こういう時は、まるで「がん(副作用)」に身も心もマウントを取られているようなみじめな気分になり、ついつい落ち込んでしまうのです。
もちろん、対症療法はそれなりにありますし、周期とともに和らいで回復してくるのです。ハードな治療も8分の6は過ぎて、あともう少しのところなのですから、今さら泣き言を言わずに淡々と完走できたらいいなと思っています。
共鳴する思い
振り返ってみますと、このライヴの妄想が始まったのは、4月1日、4クール目の抗がん剤投与の翌日のことでした。
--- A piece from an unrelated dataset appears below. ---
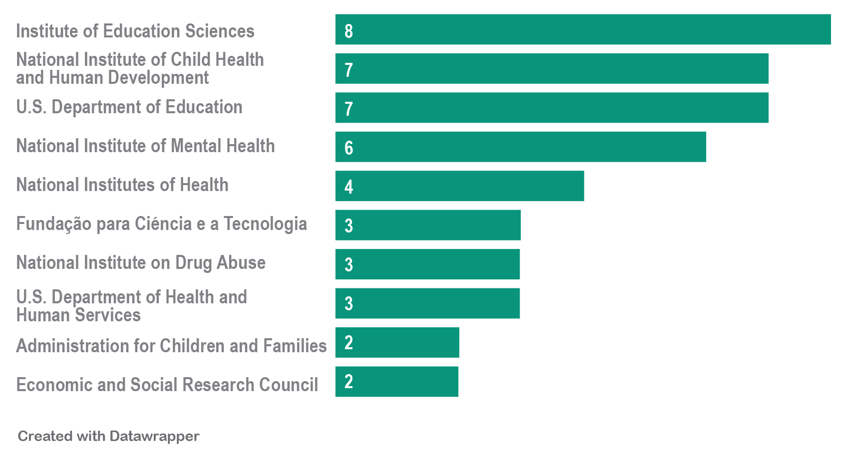 La Figura 9 refleja el panorama de apoyo financiero, con entidades como el Institute of Education Sciences y el National Institute of Child Health and Human Development, que proporcionan recursos significativos. Esto puede servir como una guía para investigadores en busca de financiamiento y también resalta la prioridad que estas instituciones otorgan a la investigación en la educación temprana y el desarrollo socioemocional.

朝、中山さんから「ちょっとこれからお邪魔しても構いませんか? 」とお電話をいただいのです。中山さんが左足の踵を複雑骨折して入院された時、ほんの心ばかりですがお見舞いをさせていただきました。それで、回復の報告と、私への陣中見舞いのためにわざわざお越しくださったのでした。
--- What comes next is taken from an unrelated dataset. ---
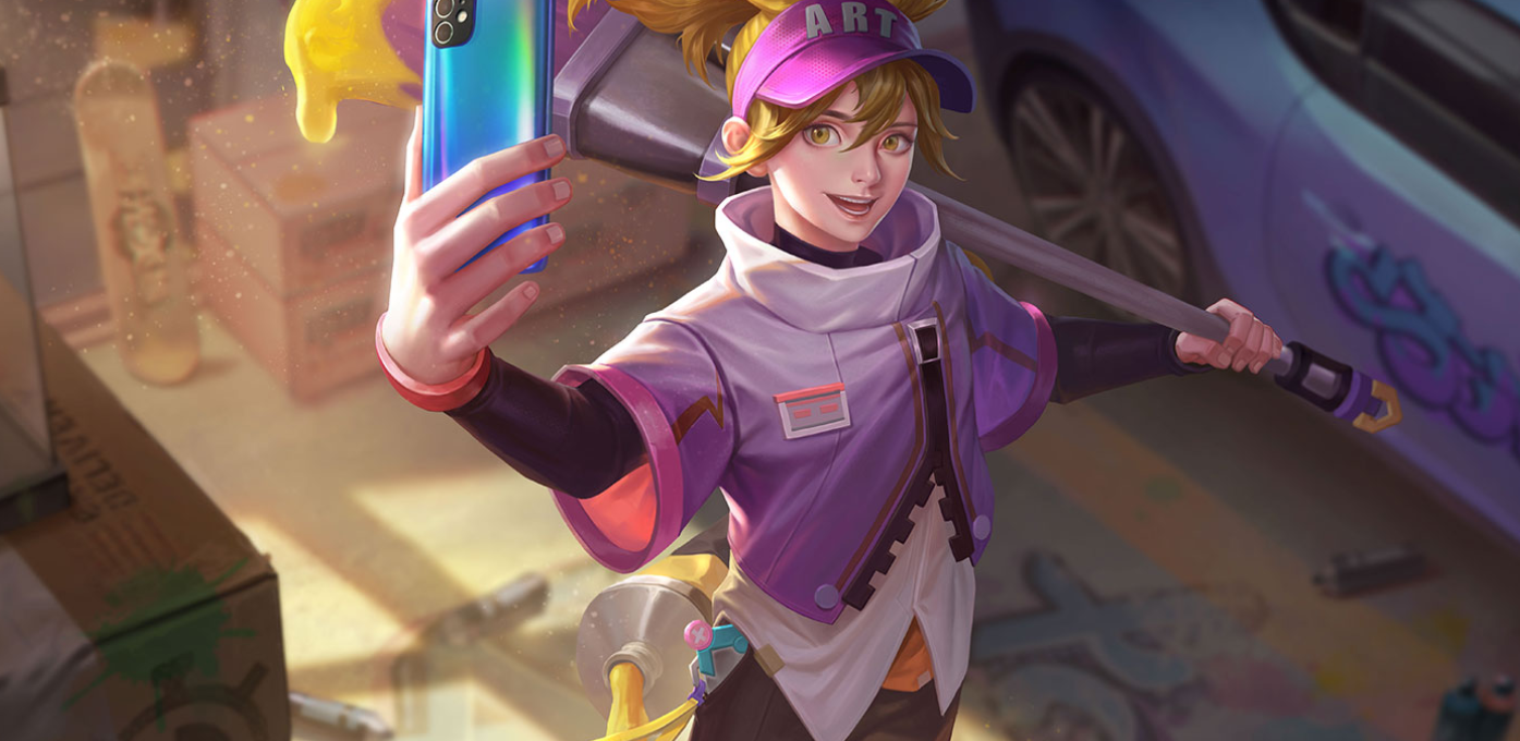 然后就是二一年出的这个老皮肤“街头艺术家”,他相较原皮做出了较大的改变,整体衣着打扮变成了现代风格,并且换上了潮流感十足的粉衣服和金发,其特效呈现也同样做出了对应的改动。

この日、珈琲を飲みながら、中山さんと初めて長い会話をしました。ライヴ会場では私はとても緊張してしまうのですが、この時は、率直にお話することができました。
中山さんは今年の1月11日の突然の大怪我で、演奏活動も中止を余儀なくされ、退院後も厳しいリハビリを続けておられること。4月中旬の復活ライヴに向けて練習を再開されたとのこと。苦しみを突き抜けたような晴れやかな表情が印象的でした。どんな時も挫けず希望を持ち続ける、強靭な精神を目の当たりにしました。
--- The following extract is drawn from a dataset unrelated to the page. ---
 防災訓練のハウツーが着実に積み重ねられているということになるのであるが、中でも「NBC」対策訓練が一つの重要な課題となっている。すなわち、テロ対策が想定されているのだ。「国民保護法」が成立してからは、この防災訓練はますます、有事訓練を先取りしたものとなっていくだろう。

「手だったら、即リタイアだったね。・・・」一瞬目を伏せておっしゃった一言に、直面された危機の重大さにハッとさせられ、そうでなかったことを感謝しました。
「Eiji Nakayamaのベースがまた目の前で聴ける!! 」それこそが、多くの熱いファンにとってかけがえのない喜びに違いありませんから。
中山さんが経験された事故と復帰への思いは、立場は大きく異なりますが、私自身の<今>に思いが重なり、とても共鳴したのです。
無期限休業
半年前の2020年の晩秋。整体ルームを始めてから4年半になる頃、ほぼ毎日お客様の予約が入り、私なりに充実した日々を過ごしていました。整体の仕事にアイデンティティーを感じていたからです。自分のよりどころ、私の根っことして。
ところが思いがけなく市の乳がん検診で告知を受け、仕事は無期限休業となりました。治療は、乳がんの初期治療のほぼフルコース。整体ルームをいつ再開できるのか見通しが立たず、その自信もなくなり、昨日までの私と明日の私が突然、抗いようもなく引き裂かれてしまって、迷い人のような心境が続いていました。
今の私だから開けられる「別の扉」があるのでは?
それでも、気持ちが前向きに動くときもたまにはあって、そんな時は、昨日と明日を繋げるために、できることがあるのでは? と感じられます。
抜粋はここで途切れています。